**Given records:**

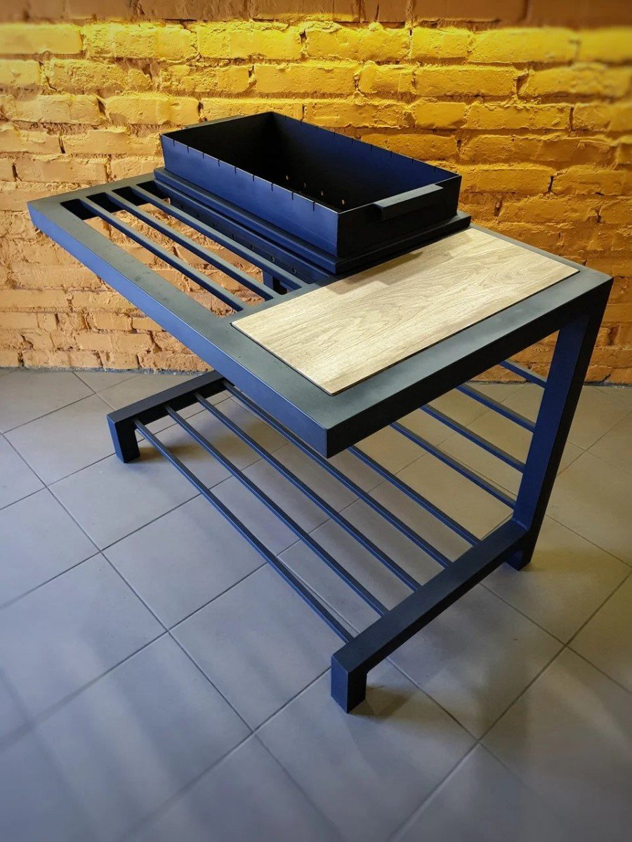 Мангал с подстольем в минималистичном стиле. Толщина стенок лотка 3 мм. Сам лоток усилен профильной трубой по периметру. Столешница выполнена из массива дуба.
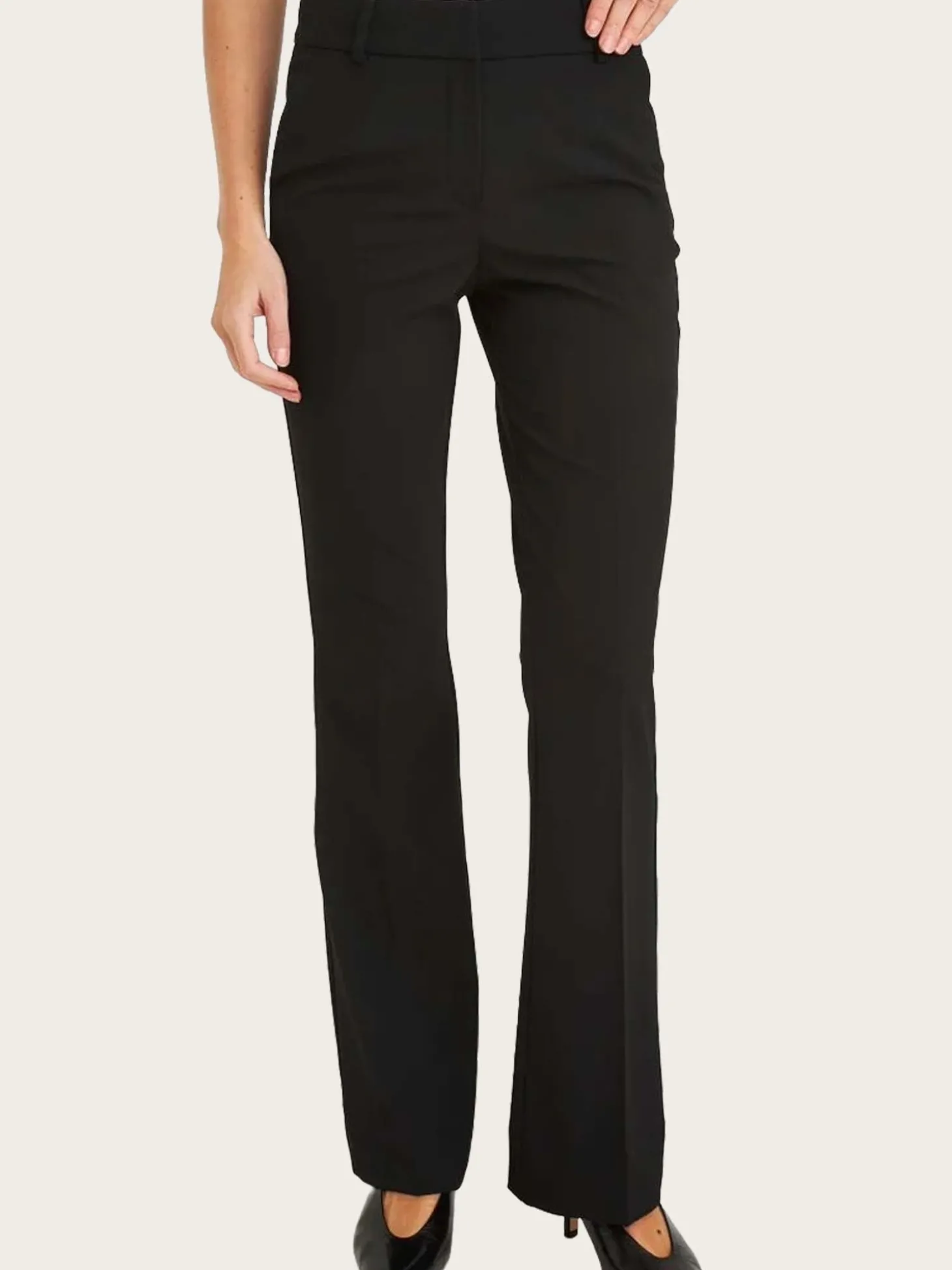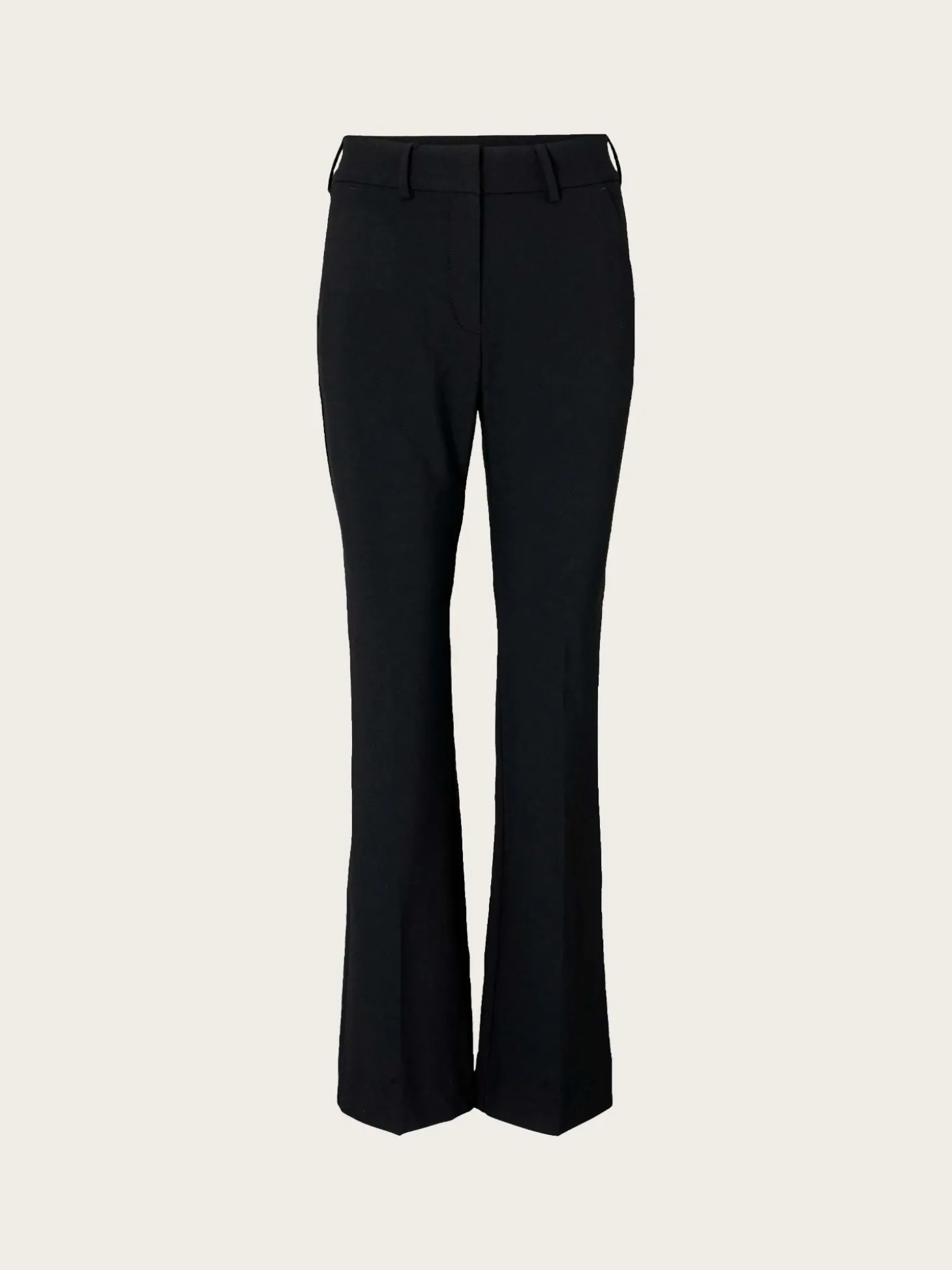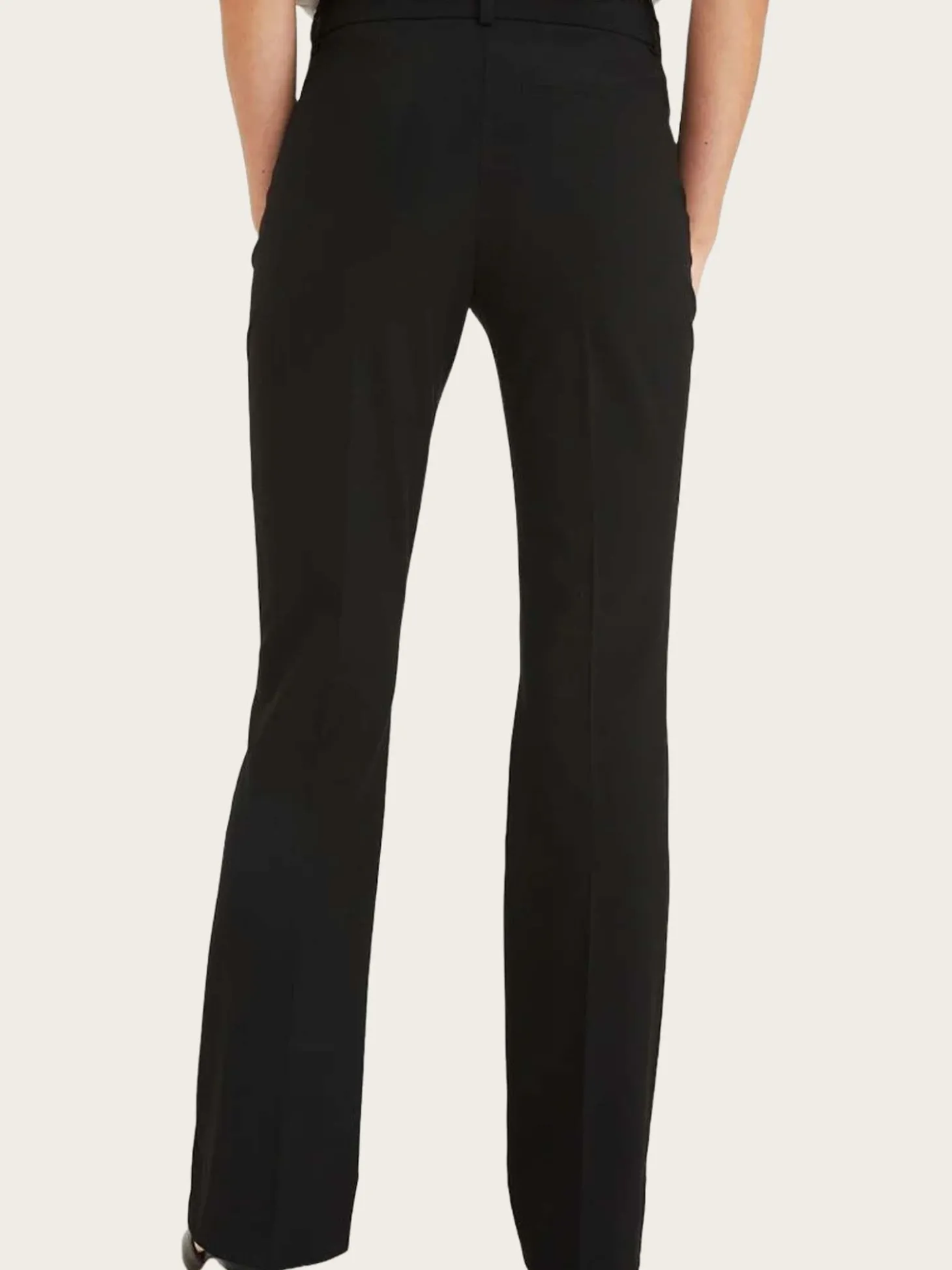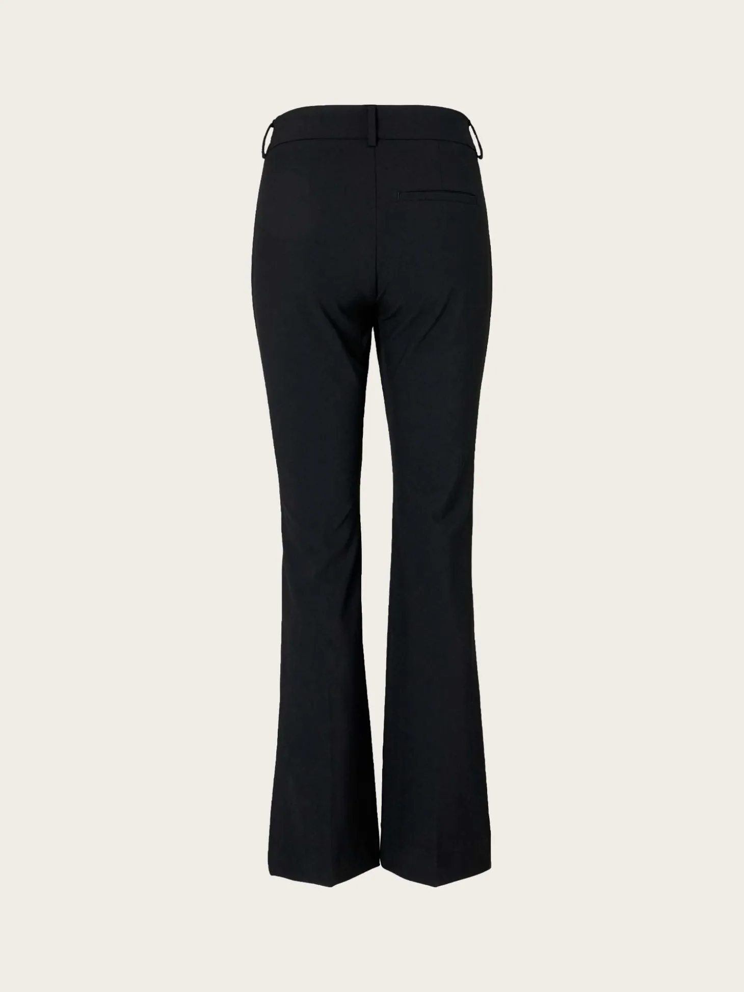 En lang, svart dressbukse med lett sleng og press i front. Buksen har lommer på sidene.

==

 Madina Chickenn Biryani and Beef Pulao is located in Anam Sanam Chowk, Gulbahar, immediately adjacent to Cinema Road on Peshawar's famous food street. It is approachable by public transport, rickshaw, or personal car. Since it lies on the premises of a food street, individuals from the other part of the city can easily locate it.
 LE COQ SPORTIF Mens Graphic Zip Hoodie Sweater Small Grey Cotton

**Goal of the exercise:** In the records above, find the line with "Мангал с подстольем" and the line with "En lang, svart". Write out exactly those lines and every one between, with no pictures and no other lines.

**Answer section:**
 Мангал с подстольем в минималистичном стиле. Толщина стенок лотка 3 мм. Сам лоток усилен профильной трубой по периметру. Столешница выполнена из массива дуба.
 En lang, svart dressbukse med lett sleng og press i front. Buksen har lommer på sidene.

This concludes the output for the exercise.